General Assembly or Shareholders' Meeting

The General Assembly or Shareholders' Meeting is a gathering intended for discussing and deciding on matters related to the administration of a company.
Types of Shareholders' Meetings
Ordinary Meetings:
- By law, they must be held at least once a year, at the time specified in the bylaws.
- Any topic may be discussed, apart from routine administrative matters, proposed by directors or any shareholder.
- Automatic Ordinary Session: If not convened for the mandatory annual meeting (unless the bylaws state otherwise), it will be held on April 1st at 10:00 a.m. at the company’s registered address.
Extraordinary Meetings:
- Convened by administrators, statutory auditors, or the supervisory entity, either on their own initiative or upon request by shareholders representing at least 25% of the share capital, specifying the agenda.
Second Call Meetings:
- If the initially convened meeting fails due to lack of quorum, a second meeting must be scheduled no earlier than 10 days and no later than 30 days afterward.

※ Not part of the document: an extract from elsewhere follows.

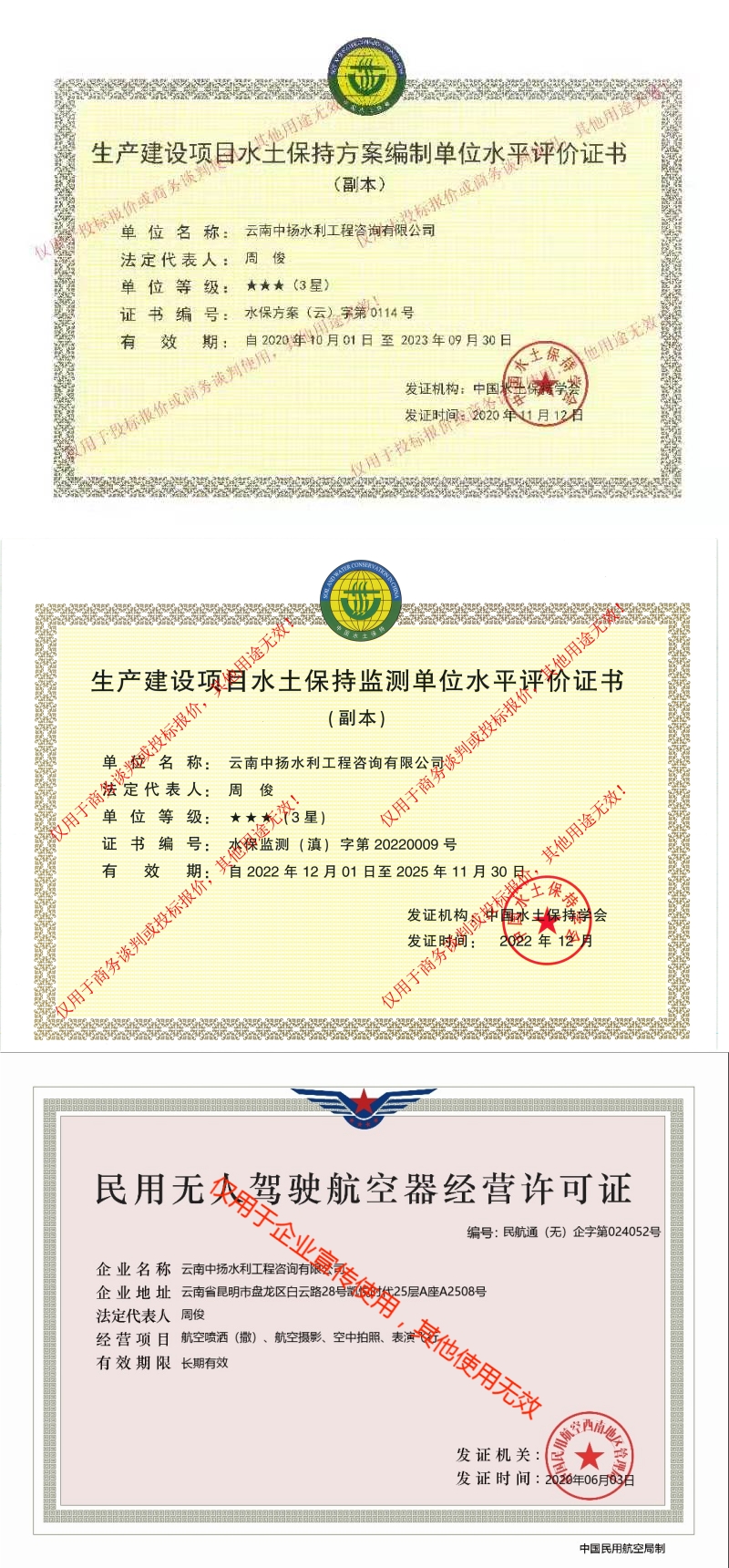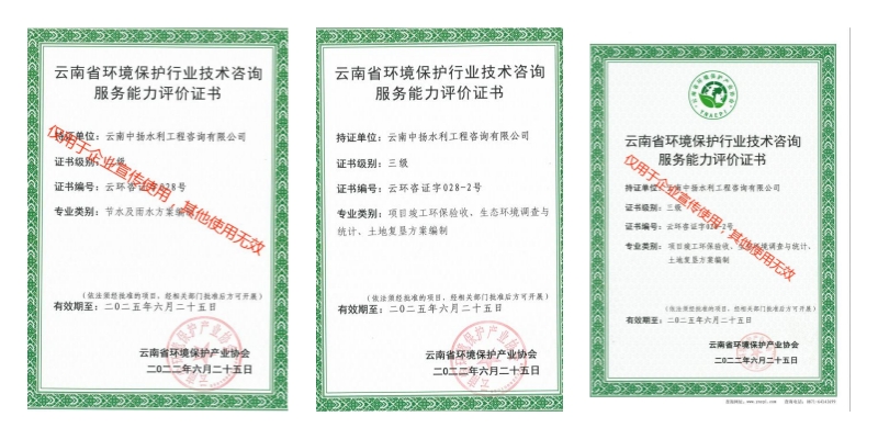 云南中揚水利工程咨詢有限公司成立于2011年,注冊資金100萬元整。公司從事的主要業(yè)務為生產建設項目水土保持咨詢設計(水保方案編制、水保監(jiān)測、技術評估及咨詢)、水土保持規(guī)劃、水利工程設計(農田水利、河道)、可行性研究報告編制、土地復墾等。公司已取得水土保持方案編制、水土保持監(jiān)測、工程咨詢備案、環(huán)境污染治理、環(huán)境保護行業(yè)技術咨詢服務能力評價證書、民用無人駕駛航空器經營許可證等資格證書,是云南省水土保持學會和云南省環(huán)境保護協(xié)會會員。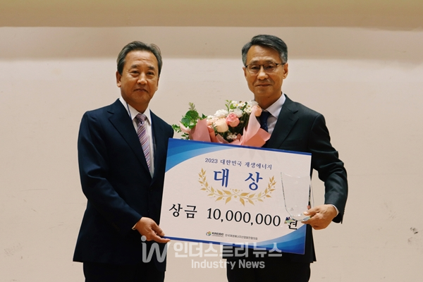 [인더스트리뉴스 이건오 기자] 한국재생에너지산업발전협의회 주관으로 10월 25일 국회의원회관 대회의실에서 개최된 제5회 재생에너지의 날 기념식에서 신성이엔지 이완근 회장이 ‘2023 대한민국 재생에너지 대상’을 수상했다. 현장에서는 신성이엔지 최수옥 부사장이 대리 수상했다.

Functions of the Shareholders' Meeting
- Review and approve amendments to the bylaws.
- Analyze and approve (or reject) year-end financial statements and reports from administrators.
- Distribute profits in accordance with the bylaws, contracts, and laws.
- Elect individuals for corporate positions.
- Review reports from administrators, legal representatives, or statutory auditors (if applicable).
- Discuss matters of common interest to shareholders.
- Establish contingency reserves.
- Address any other matters specified in the bylaws or laws.
About Shareholders' Meetings
- A meeting is validly constituted at any time and place without prior notice if all shareholders are present or represented.
- Any shareholder may appoint a representative to attend on their behalf, except administrators or employees (unless legal representation applies).
- Companies supervised by the Superintendence of Companies must notify the date, time, and location of meetings for possible delegate appointment.
- Meetings may be suspended by a majority (51% of shares present) but cannot extend beyond three days unless all subscribed shares are present.
Quorum for Shareholders' Meetings
Unless otherwise specified in laws or bylaws:
- Deliberation and decision-making require an absolute majority (more than half of possible votes) represented by multiple shareholders.
- For automatic ordinary or second-call meetings, the quorum is simply a plurality of shareholders (or one, if the company is publicly traded), regardless of share representation.
Abuse of Voting Rights
Per Official Letter 220-076480 (June 21, 2011), the Superintendence of Companies defines abuse of voting rights as:
"Voting exercised with the intent to harm the company or other shareholders or to obtain unjustified benefits for oneself or a third party."
This abuse can occur from majority, minority, or parity positions and may result in:
- Liability for damages caused.
- Absolute nullity of the resolution due to unlawful intent.
The Superintendence will determine abuse through a summary verbal proceeding.
Minutes of the Shareholders' Meeting
All proceedings must be recorded in the minutes book, signed by:
- The meeting president,
- The secretary, or
- The statutory auditor.
The statutory auditor must submit an authorized copy of the minutes to the Superintendence within 15 days of the meeting.